[Linux-cluster] NFS Serving Issues

Wed Aug 17 19:01:28 UTC 2011

Hi Alan, 

Thanks for getting back.

On Wed, 2011-08-17 at 12:00 +0100, Alan Brown wrote:
> Colin Simpson wrote:
> 
> > ,when the service is stopped I get a "Stale NFS file handle" from
> > mounted filesystems accessing the NFS mount point at those times.
> i.e.
> > if I have a copy going I get on the service being disabled:
> 
> That's normal if a NFS server mount is unexported or nfsd shuts down.
> 
> It _should_ (but doesn't always) clear when NFS resumes.

It does clear the "stale NFS file handle" when the service fails over.
But that's not really the issue for me.  My beef is that it seems that
as the "stale NFS handle" will be liable to cause apps on clients to get
upset (will possibly just quit), whereas the hang will suspend client
apps looking at this mount point until the service failsover. Seems
better.

> > Why is there a behaviour disparity? Which is correct?
> 
> They're both correct - and both wrong. :)
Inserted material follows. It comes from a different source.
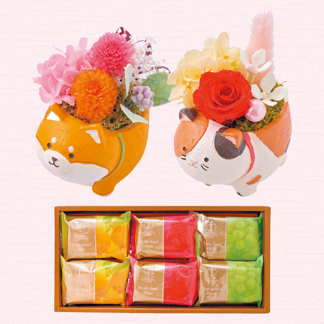 銀座フルーツサンド(マスカットレーズン・いちご・柚子)×各2、三毛猫(プリザーブドフラワー(バラ・アジサイ)、造花、樹脂製器)、柴犬(プリザーブドフラワー(千日紅・アジサイ・カスミソウ)、造花、樹脂製器)、お手入れのしおり (花サイズ:(三毛猫)幅約6cm×奥行約7cm×高さ約8.5cm (柴犬)幅約5.5cm×奥行約8cm×高さ約8cm) ※メッセージカード付(Thank you 日頃の感謝の気持ちを込めて)

But it seems a subtle change to an NFS service setup in the config i.e
the IP containing the NFS export and client vs the IP sitting at the top
level (i.e at the same level as NFS export), results in the NFS behaving
like a hard mount vs a soft mount (even though I'm mounting as hard in
both cases from the clients). 

Maybe I'm confused, just seems pretty unclear as to why the behaviour
should be different. The config fragment you gave behaves for me
properly (IMHO) and the clients hang until service failover (so exactly
like my first case IP ref contains the NFS export etc)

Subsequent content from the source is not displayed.